About this exercise:
Within the entries below, output exactly the lines between the line containing "这里让你可以使用 Lambda 表达式而非对象来" and the line containing "EverTrue Black Spinel", inclusive, and omit any picture.

Data for analysis:
________________________________________

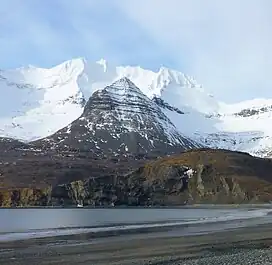 Part of the Aleutian Range, Mount Becharof is located 135 miles (217 km) west of Kodiak on the southeastern coast of the Alaska Peninsula. It is set on the west shore of Portage Bay and north shore of Kanatak Lagoon,[3] within the Becharof National Wildlife Refuge.[4] Precipitation runoff from the mountain drains into Kanatak Creek, Portage Bay, and Kanatak Lagoon. Topographic relief is significant as the summit rises over 3,000 feet (914 meters) above tidewater at Kanatak Lagoon in 1.2 miles (1.9 km). The mountain's name was published in the 1880s by the United States Coast and Geodetic Survey and the toponym has been officially adopted by the United States Board on Geographic Names.[3][5] The mountain is named in association with nearby Becharof Lake which was named in 1868 by William Healey Dall after the Russian navigator Dmitry Bocharov of the Imperial Russian Navy who explored Kodiak in 1788.[6]
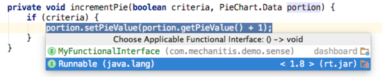 这里让你可以使用 Lambda 表达式而非对象来 创建一个参数 。这个功能的好处在于其建议使用一个已有的 函数接口 来匹配这个规范。
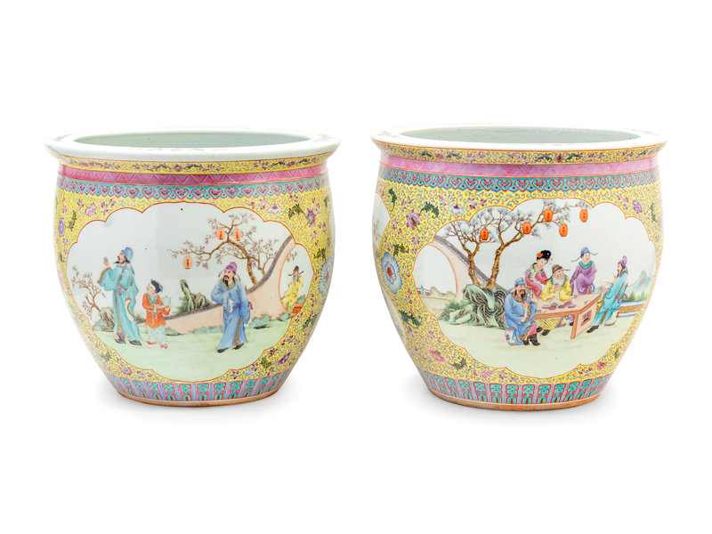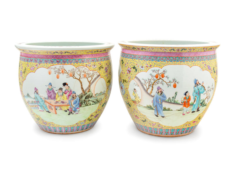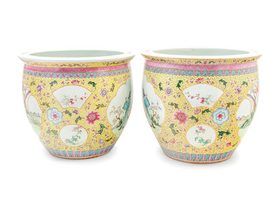A Pair of Chinese Export Yellow Ground Enameled Porcelain Jardinières
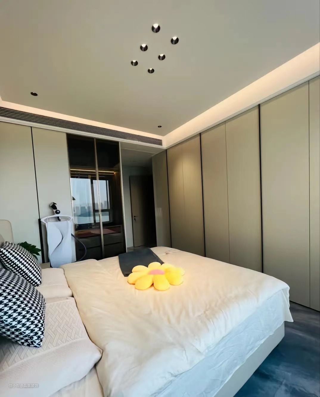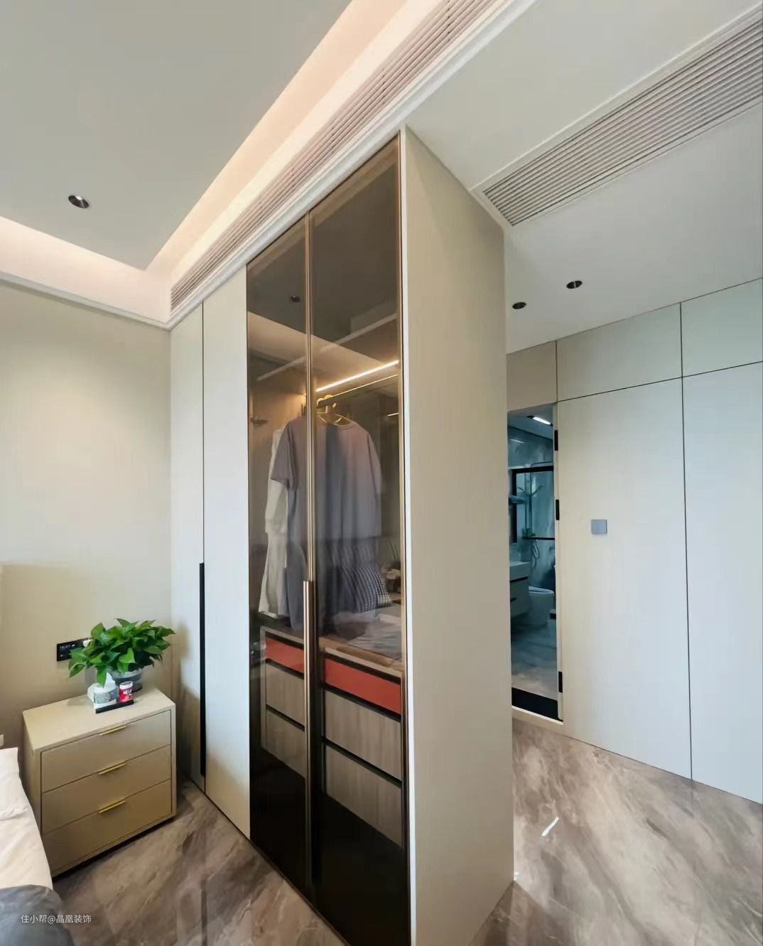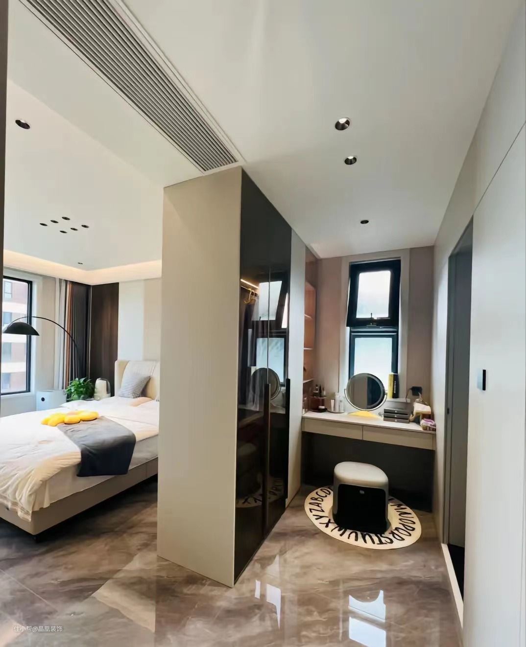 主卧的设计床头背景墙是pet肤感背景墙面,搭配钓鱼灯,床尾做的是一门到顶的衣柜,衣帽间的设计是隐形门的设计布局,卫生间的设计也是隐形门,主卫做的干湿分离,使用起来更加方便,采光以及色调的搭配,让空间显得不是那么拥挤,空间的利用率也达到了最高!这样的的布局,大家如果喜欢哪里的话,可以评论区告诉我哈
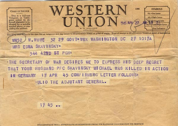 This is the Western Union telegram that was delivered to PFC Skavinsky’s wife, notifying her of his death. It took 10 days to get word to her. (Source: PurpleHearts.net)
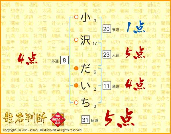 小(3画)沢(17画) だ(6画)い(2画)ち(3画)
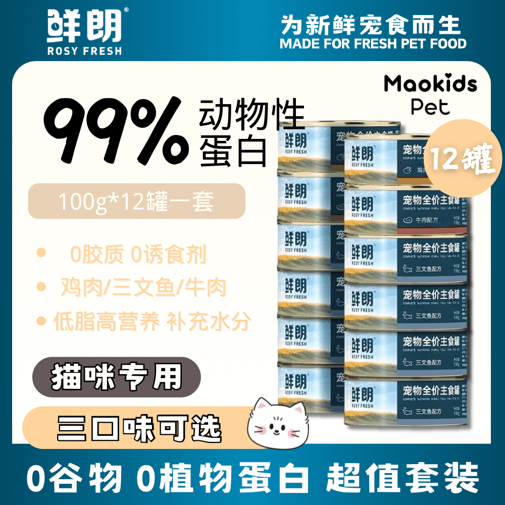 Rosy Fresh鲜朗 全价猫主食肉酱罐头 99%动物性原料 鸡肉/三文鱼/牛肉三口味可选 一盒100g*12罐
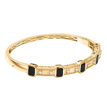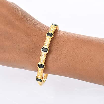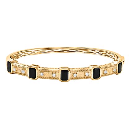 EverTrue Black Spinel & White Zircon Full Bangle (Size 7.5) in Yellow Gold Plated 7.72 Ct.
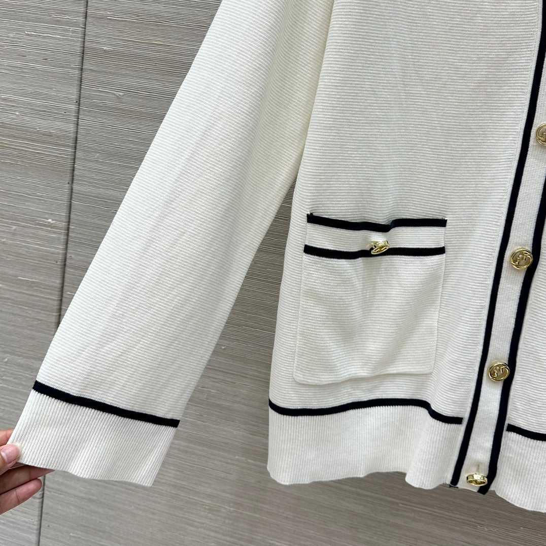 Gucci 25 V-neck Long Knitted Cardigan White Wool

________________________________________

Answer below:
 这里让你可以使用 Lambda 表达式而非对象来 创建一个参数 。这个功能的好处在于其建议使用一个已有的 函数接口 来匹配这个规范。
A Pair of Chinese Export Yellow Ground Enameled Porcelain Jardinières
 主卧的设计床头背景墙是pet肤感背景墙面,搭配钓鱼灯,床尾做的是一门到顶的衣柜,衣帽间的设计是隐形门的设计布局,卫生间的设计也是隐形门,主卫做的干湿分离,使用起来更加方便,采光以及色调的搭配,让空间显得不是那么拥挤,空间的利用率也达到了最高!这样的的布局,大家如果喜欢哪里的话,可以评论区告诉我哈
 This is the Western Union telegram that was delivered to PFC Skavinsky’s wife, notifying her of his death. It took 10 days to get word to her. (Source: PurpleHearts.net)
 小(3画)沢(17画) だ(6画)い(2画)ち(3画)
 Rosy Fresh鲜朗 全价猫主食肉酱罐头 99%动物性原料 鸡肉/三文鱼/牛肉三口味可选 一盒100g*12罐
 EverTrue Black Spinel & White Zircon Full Bangle (Size 7.5) in Yellow Gold Plated 7.72 Ct.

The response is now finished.